U.S. Rep. Ron Kind has one of the most purple congressional districts in the country, according to a new analysis from the Cook Political Report comparing how districts voted in the last two presidential races.

Kind’s district was one of eight in the country that broke “even” under the publication’s partisan voting index, a measure of how strongly a district leans Dem or Republican compared to the rest of the nation. The seven other districts that got that designation were one in Washington, two in Oregon, one in Florida and three in California.

Kind’s 3rd Congressional District, which covers the southwestern and western parts of the state, supported President Trump over candidate Hillary Clinton by a five-point margin in the 2016 general. But the district in 2012 went for former President Obama over candidate Mitt Romney by 11 points.

The state’s two other Dem districts backed Clinton by similar margins than their 2012 support of Obama.

In the southern part of the state, U.S. Rep. Mark Pocan’s 2nd Congressional District supported Clinton over Trump by a 36-point margin, and Obama over Romney by a 38-point margin. That district’s PVI is plus-18 for Dems, meaning that in the 2012 and 2016 presidential elections, the district went 18 points more Democratic than the national average.

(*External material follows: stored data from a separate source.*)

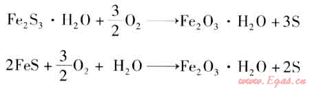 Fe203·H20+3H2S→Fe2S3·H20+3H20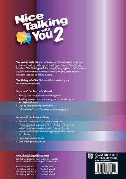 Nice Talking with You is a two-level oral communication series designed to get students talking. The Teacher's Manual features step-by-step comprehensive teaching note; teaching tips on classroom management techniques, language and more; unit-by-unit, complete answer keys; and full audio scripts for the Conversation listening pages.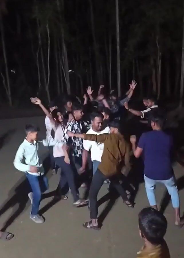 A group of about a dozen young men are dancing together in an outdoor area at night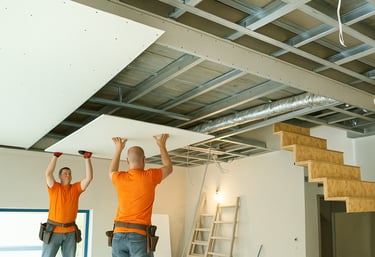 Malujemy ściany i sufity farbami dopasowanymi do pomieszczeń oraz wykonujemy zabudowy z płyt g-k: sufity podwieszane, zabudowy instalacji, ścianki działowe i wnęki pod oświetlenie.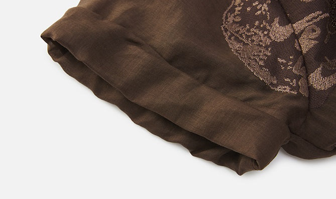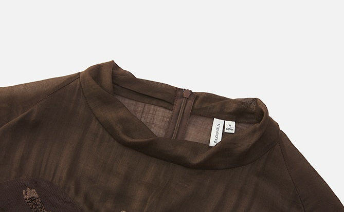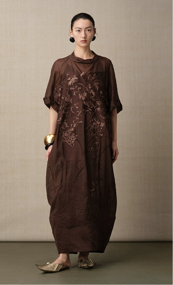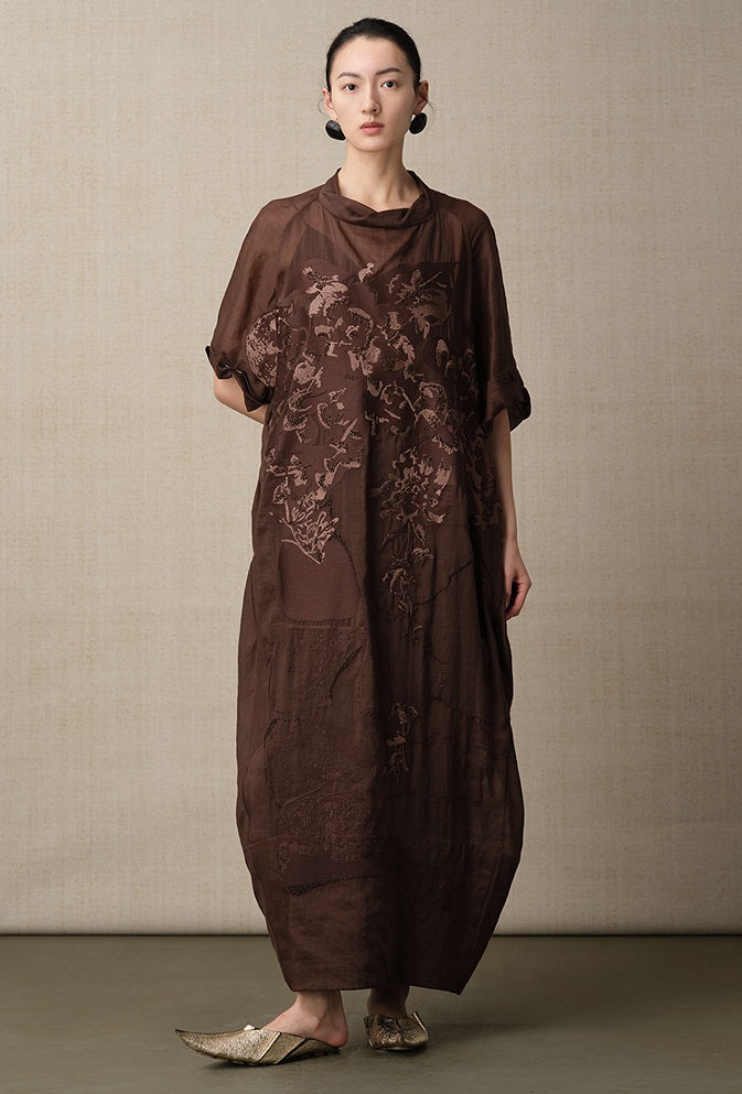 This summer dress combines lightweight, sheer fabric with a loose silhouette for optimal breathability and comfort on warm days. Its curled cuffs add a refined detail to the short sleeves, enhancing both style and movement. Ideal for staying cool without sacrificing elegance, this dress balances airy design with sophisticated finishing touches for a polished summer look.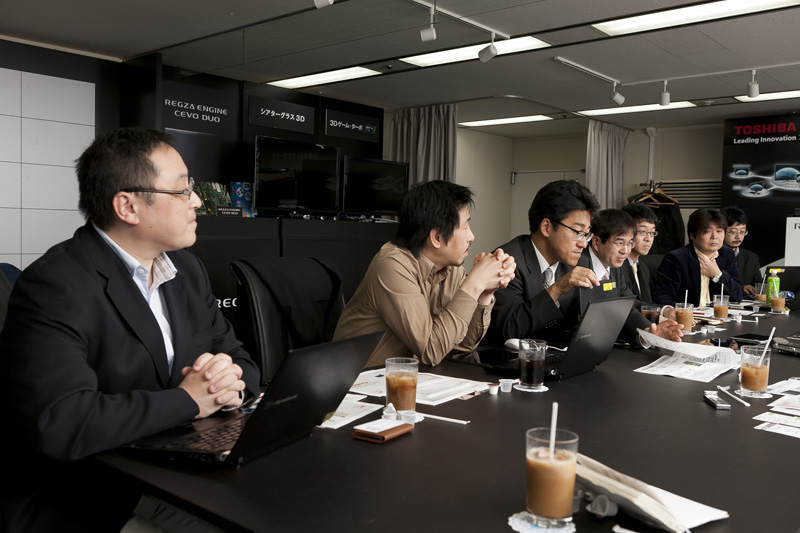 東芝の視聴ルームでインタビューを行った。写真手前がレグザサーバー担当の澤岡氏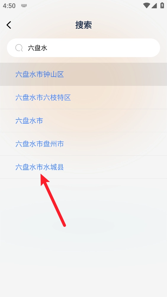 4、输入关键字或城市进行搜索需要查询的城市。

And U.S. Rep. Gwen Moore’s 4th Congressional District covering Milwaukee and some of its suburbs delivered both Clinton and Obama a 52-point victory each over their opponents. That district’s PVI is plus-25 for Dems.

Meanwhile, three other Wisconsin congressional districts that went for Romney in 2012 increased their support for Trump in 2016. Those districts are represented by U.S. Reps. Glenn Grothman, Sean Duffy and Mike Gallagher, and they put up double-digit point increases for Trump over Clinton compared with Romney over Obama.

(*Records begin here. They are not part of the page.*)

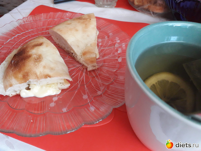 -ГОРЯЧИЙ БУТЕРБРОД С СЫРОМ В УЗБЕКСКОЙ ЛЕПЕШКЕ, ЧАЙ ЗЕЛЕНЫЙ С ЛИМОНОМ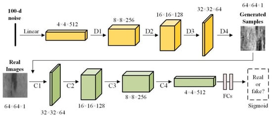 The GAN architecture is shown in Figure 1. For the generator, we feed into a 100 d random noise vector and reshape it to 4 × 4 × 8 using a linear function (because the mini-batch size is 64, the actual input size is 4 × 4 × 512 for each past). To enlarge the tensors, four deconvolutional layers are used with a kernel size of 5 × 5 and a stride of 2, denoted as {D1, D2, D3, D4}. Each deconvolutional layer follows a BN layer and a ReLU function, except the D4, which uses the tanh function. Finally, a sample that is 64 × 64 × 1 in size can then be generated. The discriminator receives the generated samples and real images as input. Similar to the generator, we use four convolutional layers to classify whether the input image is real or fake. These layers are also 5 × 5 in size with a stride of 2, denoted as {C1, C2, C3, C4}, each of which is equipped with a BN layer and a LeakyReLU function. The settings of output activation functions are followed by the outstanding conclusions in [27]. We add two fully connected layers to receive the last convolution feature maps and then feed them into a sigmoid output.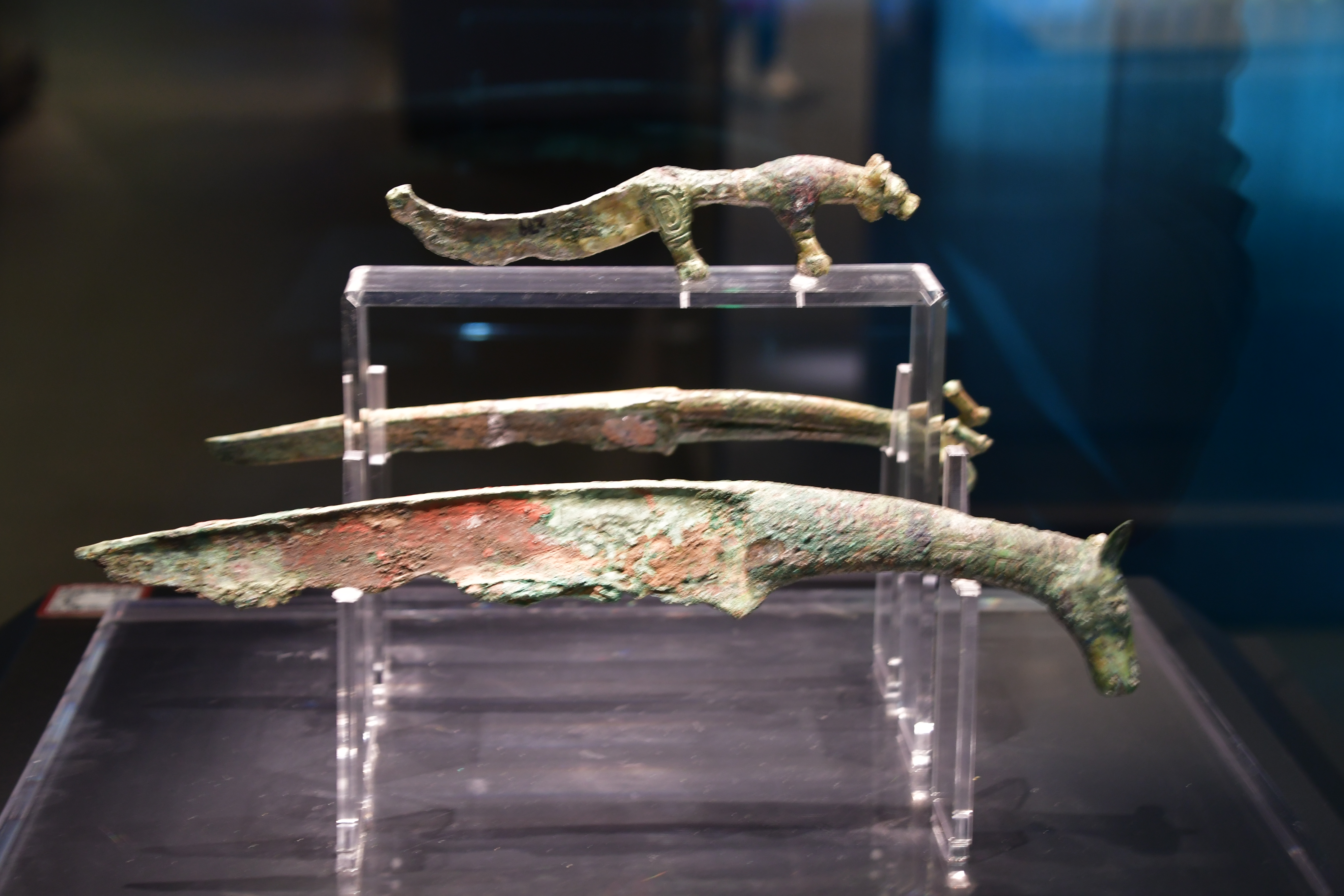 - 복사(卜辞)의 기록에 따르면, 상나라 무정왕(武定王) 시대에 상나라 사람들은 태항산 동서 기슭과 기주[하북성] 북부 산악지대에 거주하는 북방 부족들과 자주 전투를 벌였다고 한다. 이 청동 '짐승머리 칼'은 북방 초원문화의 특징을 분명히 보여준다. 상나라 사람들이 북방 부족과의 전쟁에서 얻은 전리품일 수도 있고, 은허(殷墟) 지역에 북방 외래 문화가 유입된 후 현지에서 제작되었을 가능성도 있다.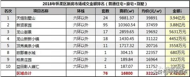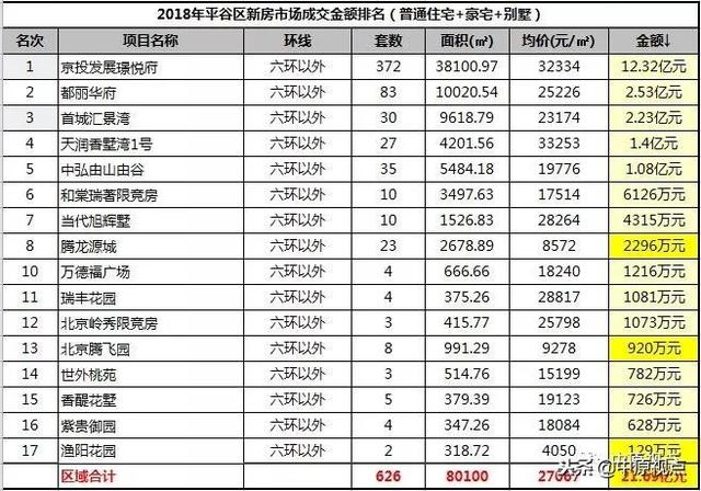 2018年北京各区新建住宅(普通住宅+豪宅+别墅)成交状况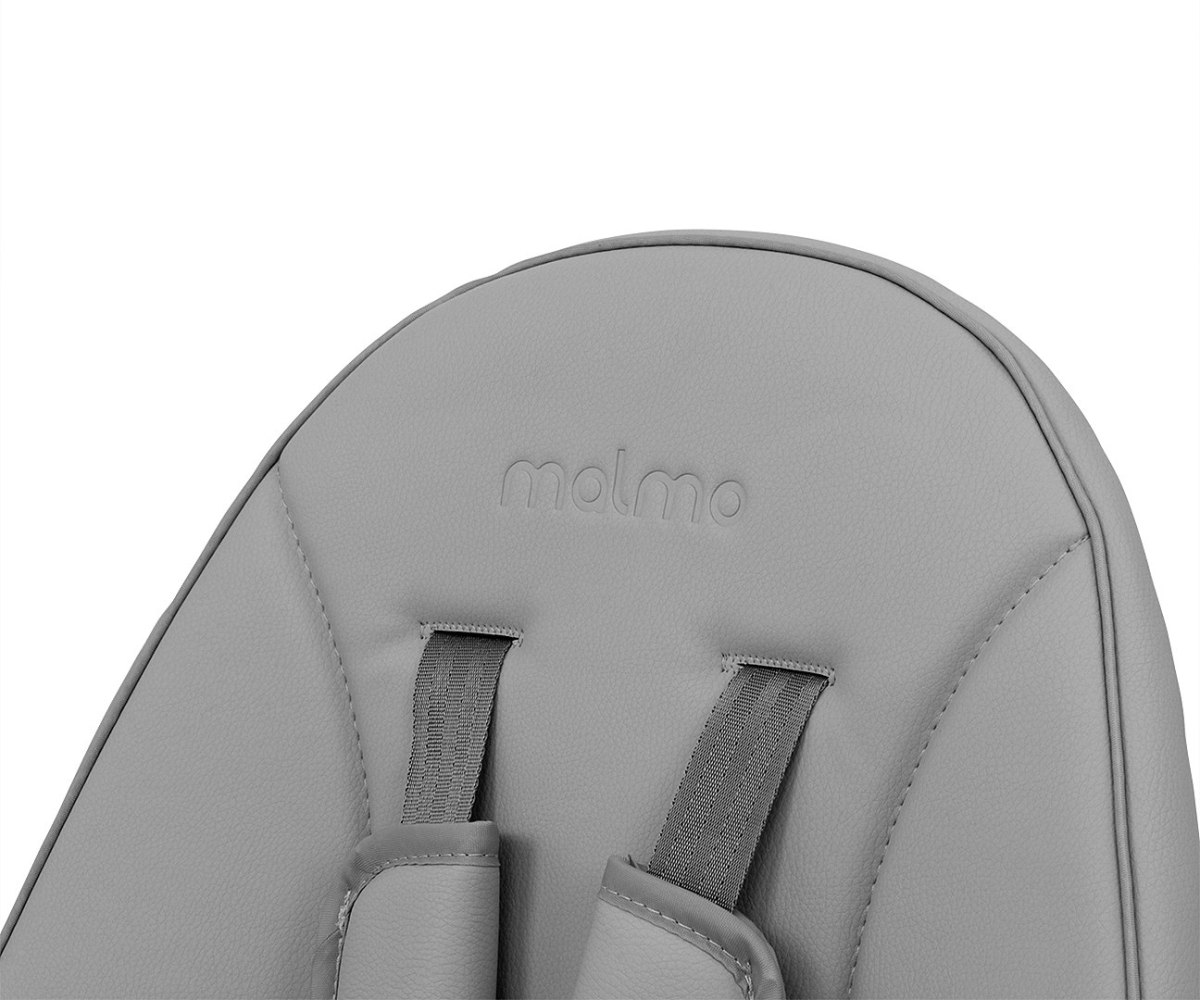 5-punktowe pasybezpieczeństwa wyposażone w szerokie i miękkie osłonki na ramiona, zabezpieczają dziecko przed otarciami. Tapicerka krzesełka Malmo wykonana z ekoskóry jest odporna na zabrudzenia i łatwa w utrzymaniu czystości. Tacka posiada wgłębienie, które zapobiega zsunięciu się przedmiotów na niej umieszczonych.

Grothman’s 6th Congressional District, covering part of eastern Wisconsin, delivered Trump a 17-point victory last fall compared to only a seven-point victory for Romney in 2012. Duffy’s 7th Congressional District, in northern Wisconsin, supported Trump over Clinton by 20 points, compared to Romney over Obama by only three points. And Gallagher’s 8th Congressional District, in northeastern Wisconsin, gave Trump a 17-point win in the 2016 general compared to a four-point win for Romney in the last presidential race.

Grothman’s and Duffy’s districts both have a PVI of plus-8 for Republicans, while Gallagher’s has a plus-7 in the same direction.

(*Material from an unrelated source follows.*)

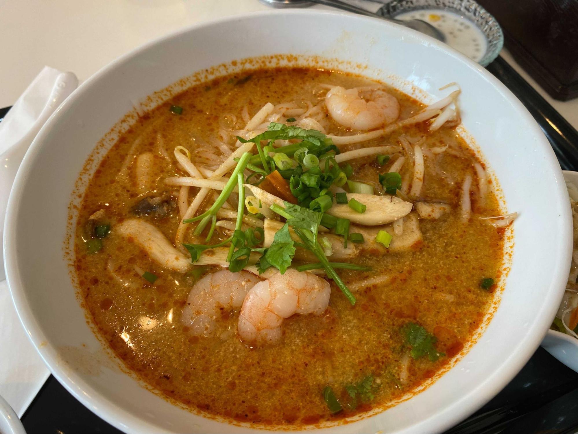 問題の飲食店で実際にランチを食べてみた。プリプリのエビが大量に入ったトムヤムクンラーメンは、辛さも控えめで優しい味わい。何よりセットでついてきたガパオライスが絶品だった。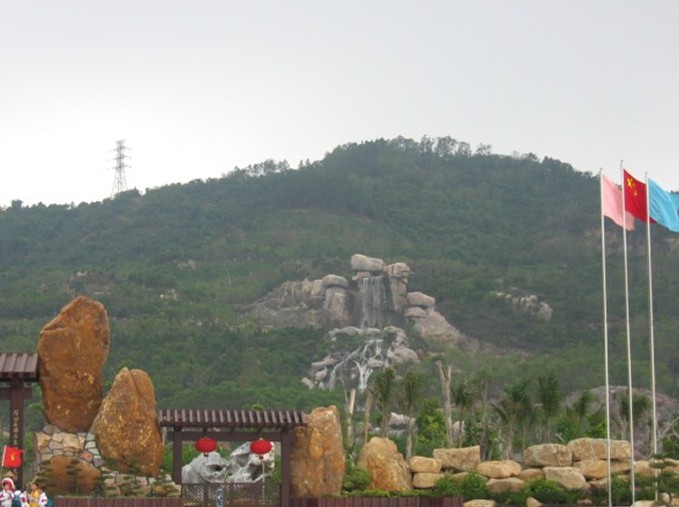 由我國(guó)園林名石——廣東英石、江蘇太湖石以1:1000倍比例按廣東嶺南派著名畫家林風(fēng)俗教授的水墨山水名畫——“天下第一盆景”為藍(lán)本放樣砌成。

U.S. Rep. Jim Sensenbrenner’s 5th Congressional District was the only one in Wisconsin that showed a decreased support for the Republican presidential nominee in 2016. That district, covering Washington and Jefferson counties and parts of others, gave Trump a 20-point margin of victory in the fall general, and Romney a 24-point margin of victory in 2012. Its PVI is plus-13 for Republicans.

Showing the smallest margin of increased GOP presidential support was House Speaker Paul Ryan’s 1st Congressional District, located in southeastern Wisconsin. The district, which has a plus-5 PVI for Republicans, supported Trump over Clinton by 10 points, and Romney over Obama by four points.